In June 2021, David was formally reprimanded after failing to appear in Juvenile and Domestic Relations Court, which he claimed RPD has never done before.

In addition to the alleged retaliation, David claimed that RPD discriminated against him based on his race and national origin by promoting an unqualified white officer to be acting sergeant, and discriminated against him on the basis of age by promoting a younger officer instead of David.

RPD moved to dismiss and argued that David had pleaded insufficient facts demonstrating discrimination.

The court disagreed.

Gibney found that David had plausibly alleged a reasonable inference of discriminatory racial bias with RPD’s selection of “a white officer who lacked eligibility for the Acting Sergeant position — over two minority MPOs, both of whom were eligible for the position.”

Further, the judge said RPD’s selection of the white officer caused David no pecuniary loss but it denied him a salary increase and harmed his opportunities for permanent promotion, adding that “[a]n employee’s opportunities for promotion and additional pay qualify as terms or conditions of employment.”

Gibney explained that, under the ADEA, a plaintiff must show that they are over 40 years old, suffered an adverse employment action, performed their job in accordance with the employer’s expectations and the employer selected an individual younger than 40 for a promotion.

RPD argued David did not suffer adverse employment action. But Gibney disagreed, pointing to his earlier determination that the loss of a salary increase and promotion opportunities were adverse employment actions.

Protected activities

To plead a Title VII retaliation claim, “a plaintiff must plausibly ‘allege facts establishing [1] that he engaged in a protected activity, [2] that his employer took an adverse employment action against him, and [3] that … a causal link [exists] between those events,” Gibney said.

The judge found David engaged in protected activities when he complained to RPD and filed his complaint with the EEOC.

To satisfy the second element, “‘a plaintiff must show that a reasonable employee would have found the challenged action materially adverse, which in this context means it well might have dissuaded a reasonable worker from making or supporting a charge of discrimination,’” Gibney noted.

“This means that the plaintiff must suffer ‘significant,’ not just ‘trivial,’ harm,” he added.

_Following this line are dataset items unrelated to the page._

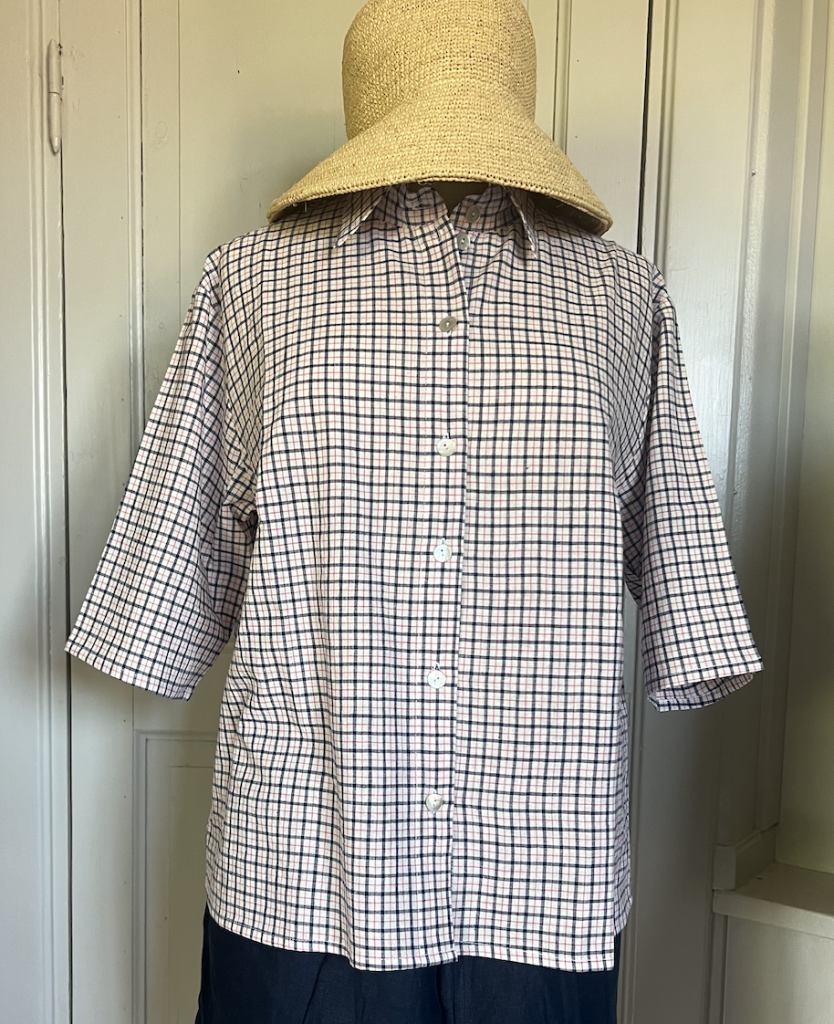 Rutig bomullsskjorta med kort ärm. 100% bomull.
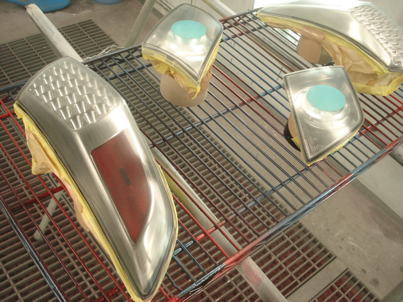 これに、それぞれの車体に合わせたブラケットを作製し(私じゃありません)、素地調整(サンドブラストですね)を行って脱脂してマスキングした状態で私の元にやってきます(怖)。
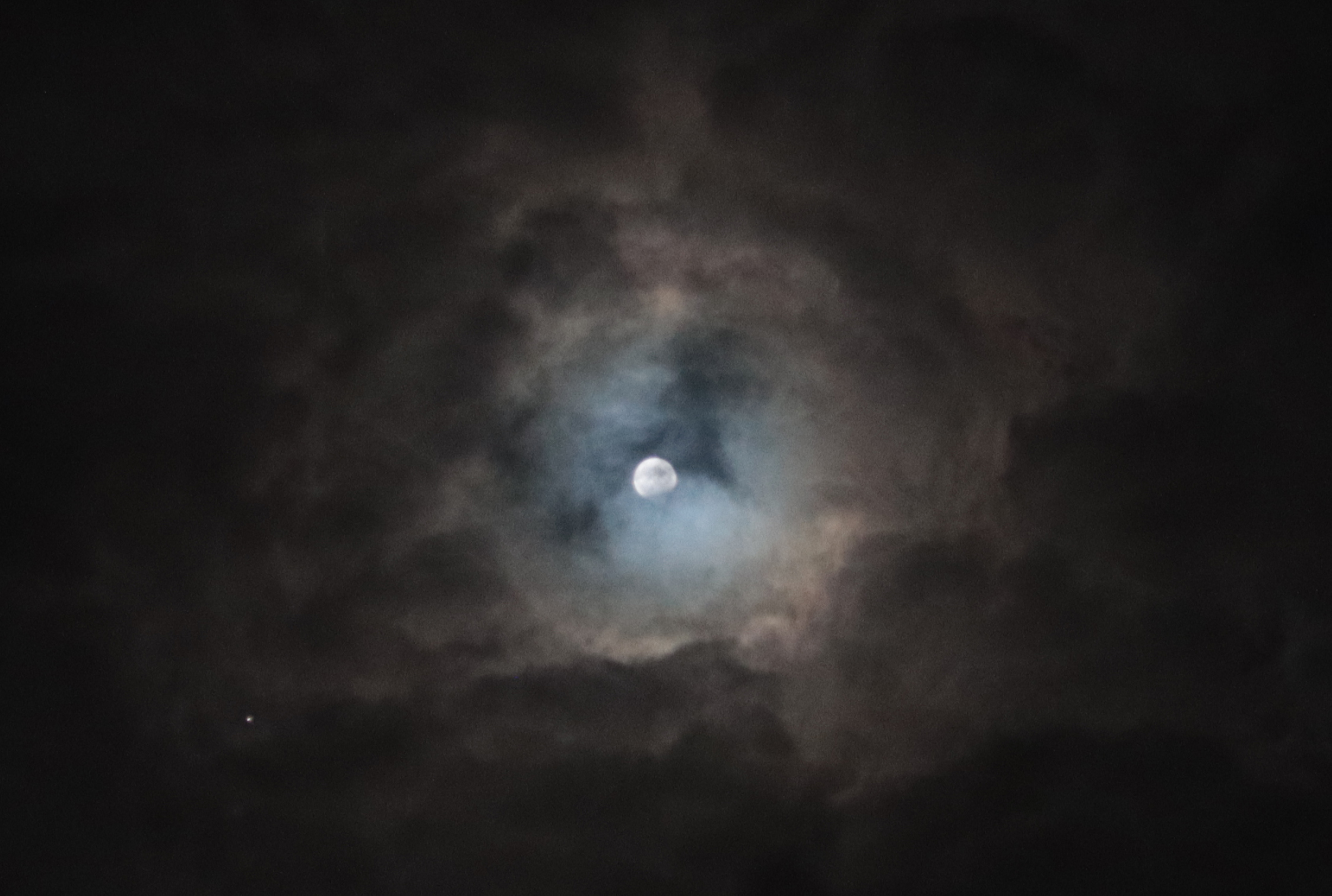 Mond und der Jupiter dringen mit ihrem Licht durch die Wolkendecke.
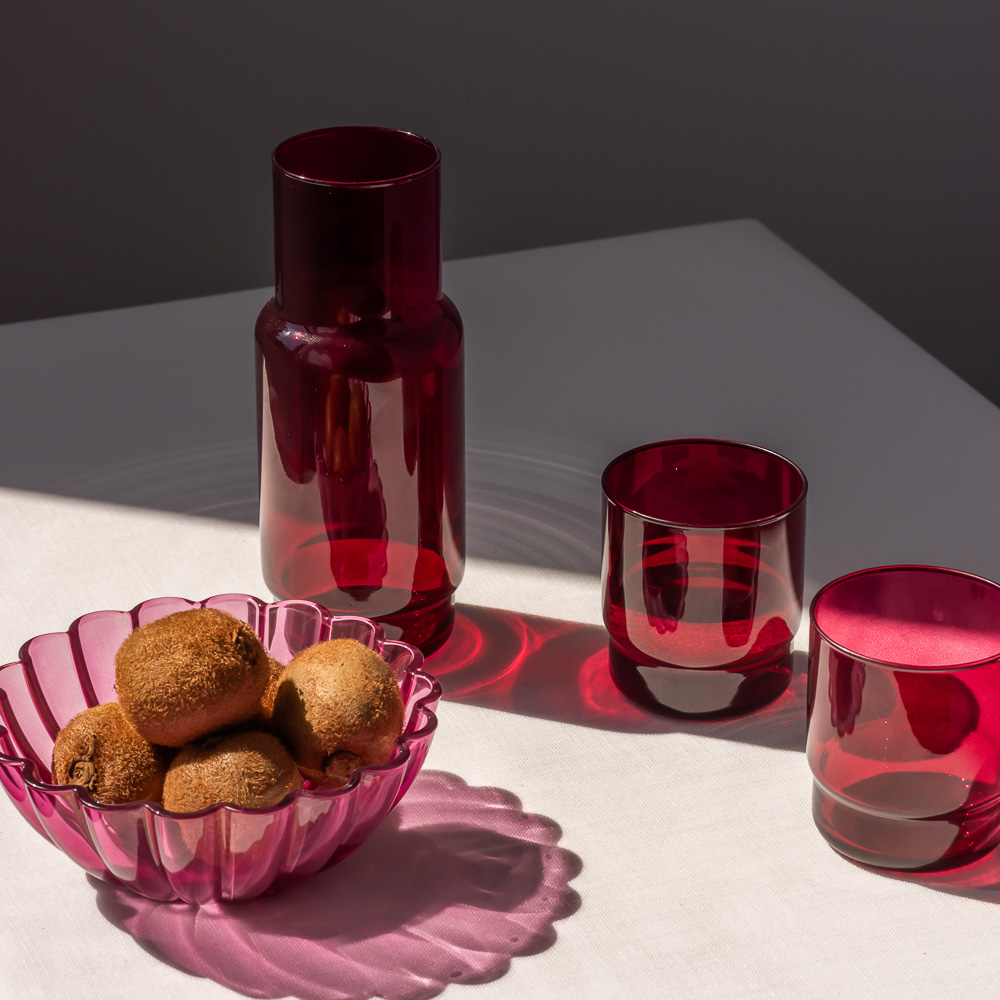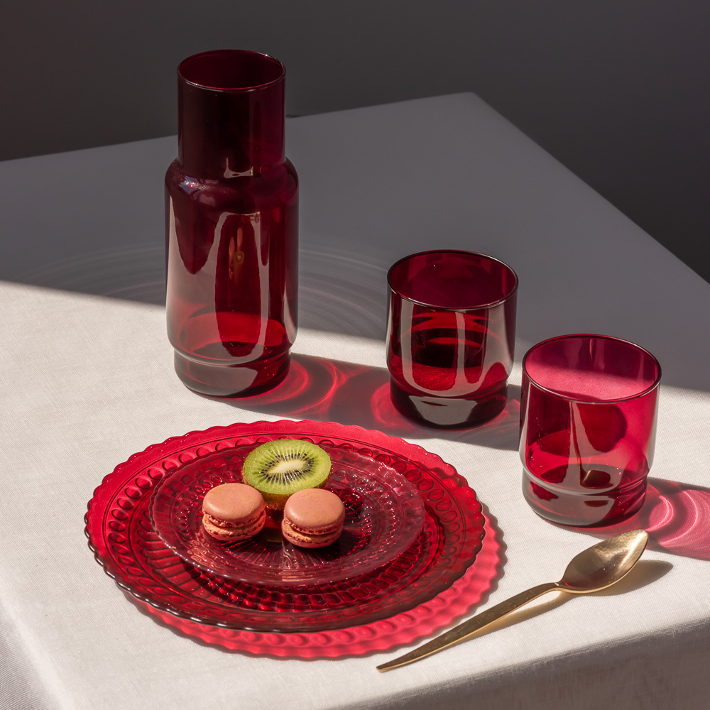 Zestaw CRISTAL COLOR w kolorze bordo to wyrafinowany akcent stołu, który buduje klimat. Transparentne szkło pięknie pracuje ze światłem, tworząc elegancki, wieczorny nastrój. Idealnie komponuje się z ciemnym drewnem, złotymi dodatkami i tekstyliami w ciepłych tonacjach.
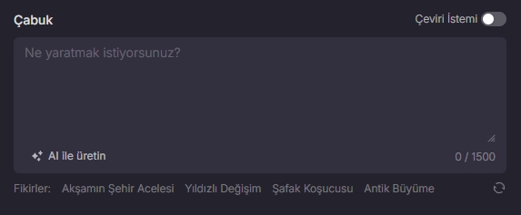 1500 karakterlik sınırı içerisine ortam, atmosfer, eylemler ve amaçlanan görsel estetikle ilgili temel ayrıntıları dahil ederek istediğimiz sonucu alıyoruz.
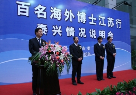 14日,江蘇省泰興市又一次迎來了“百名海外博士江蘇行”活動(dòng)的海外博士們。中共泰興市委、市政府對遠(yuǎn)道而來的海外博士們表示熱烈歡迎和誠摯的感謝。江蘇省人力資源和社會(huì)保障廳副廳長陳勵(lì)陽,中共泰興市委書記、市人大常委會(huì)主任張兆江,中共泰興市委副書記、市長高亞梓等領(lǐng)導(dǎo)出席了此次泰興說明會(huì)和項(xiàng)目洽談會(huì)。
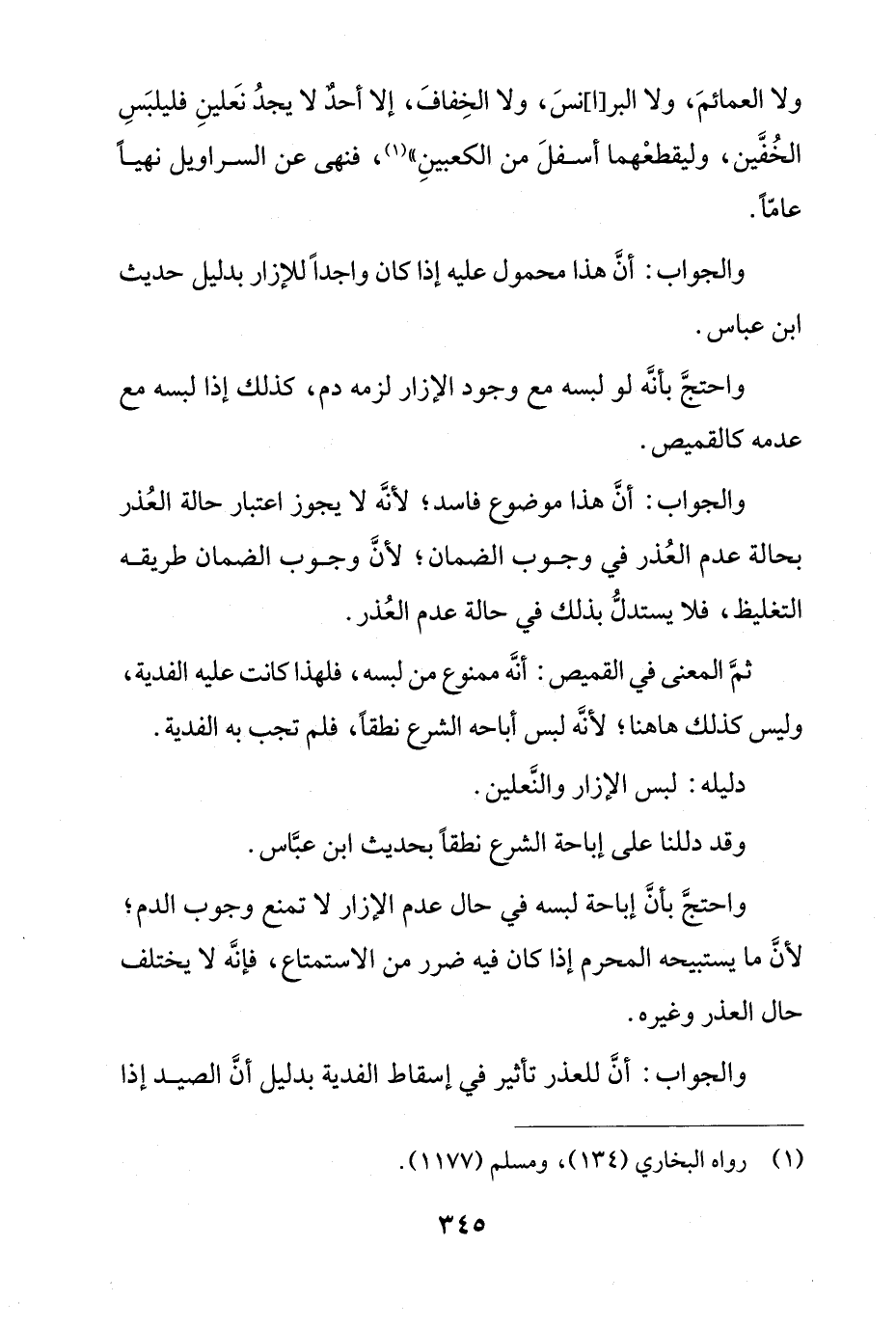 واحتج بأن إباحة لبسه في حالة عدم الإزار لا تمنع وجوب الدم؛ لأن ما يستبيحه المحرم إذا كان فيه ضرر من الاستمتاع، فإنه لا يختلف حال العذر وغيره.
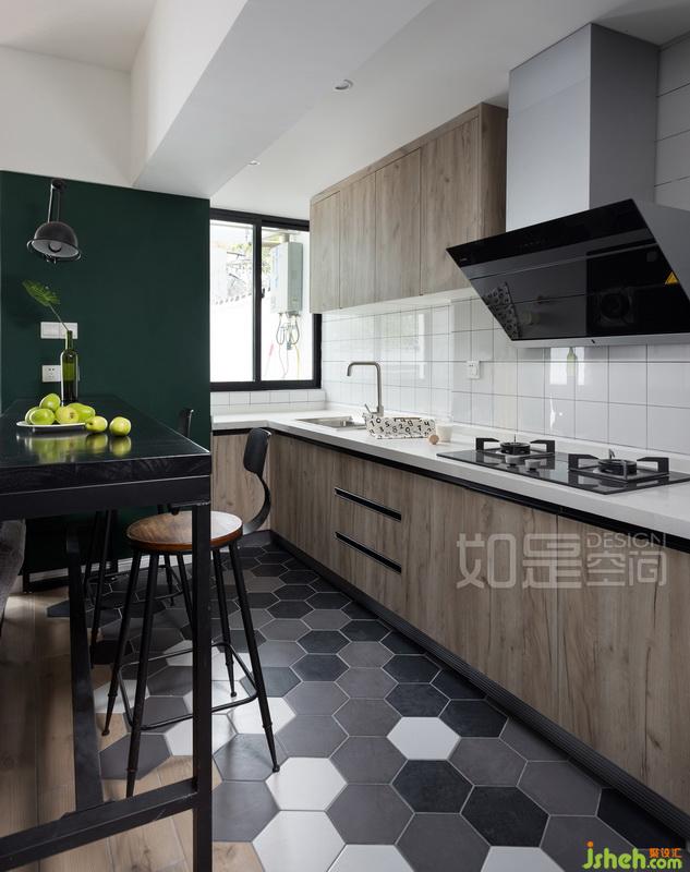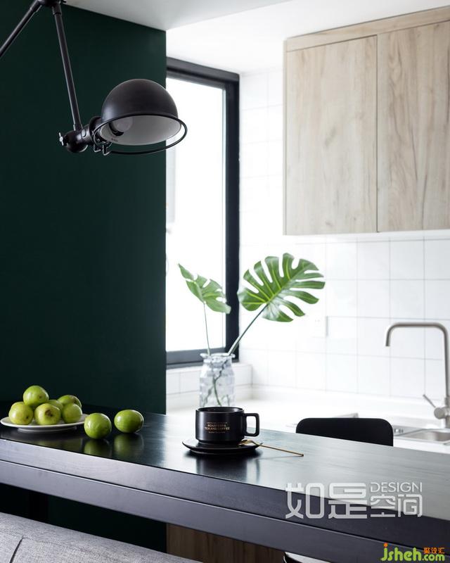 另外,很重要的一點(diǎn):室內(nèi)設(shè)計(jì)師設(shè)置了一個(gè)吧臺(tái)。此吧臺(tái)可以巧妙的把客廳和廚房劃分開(kāi),并且解決沙發(fā)沒(méi)有靠背的問(wèn)題,顯得客廳整體空間更大。

Citing case law that provides “an employer’s retaliatory creation of a hostile work environment” was a materially adverse action, Gibney said that “‘retaliatory work assignments’ constitute ‘a classic and widely recognized’ example of ‘forbidden retaliation.’”

The judge cautioned that “materially adverse actions do not include ‘petty slights, minor annoyances, and simple lack of good manners.”

Here, Gibney said that, “viewed in isolation, five of the instances involving Nierman do not amount to materially adverse action” because David did not allege harm or collateral consequences stemming from them.

But Gibney found that Nierman’s threat to “‘take [David’s] stripes’ plausibly constitutes a threat of possible termination if David continued to pursue his discrimination claims.”

The judge also found that David plausibly suffered harm to his professional reputation when Nierman accused him of being outside his patrol area.

And even though David did not allege he suffered collateral consequences as a result of his formal reprimand, Gibney found that he sufficiently pled disparate treatment because RPD historically did not reprimand officers for failing to appear in court.

“Moreover, the five instances involving Nierman that do not amount to materially adverse action on their own may demonstrate retaliation when viewed collectively, as they all occurred within a five-month time span, and at least one — Nierman’s failure to intercede when [an officer] tried to provoke David — caused him humiliation,” Gibney held.

The judge then found David satisfied the causation element because the retaliation began within two months after RPD concluded its investigation and continued for a year after David filed with the EEOC. Additionally, RPD didn’t dispute knowledge of David’s complaints.

“A close ‘temporal proximity’ between the protected activity and retaliatory conduct also sufficiently establishes causation,” Gibney concluded.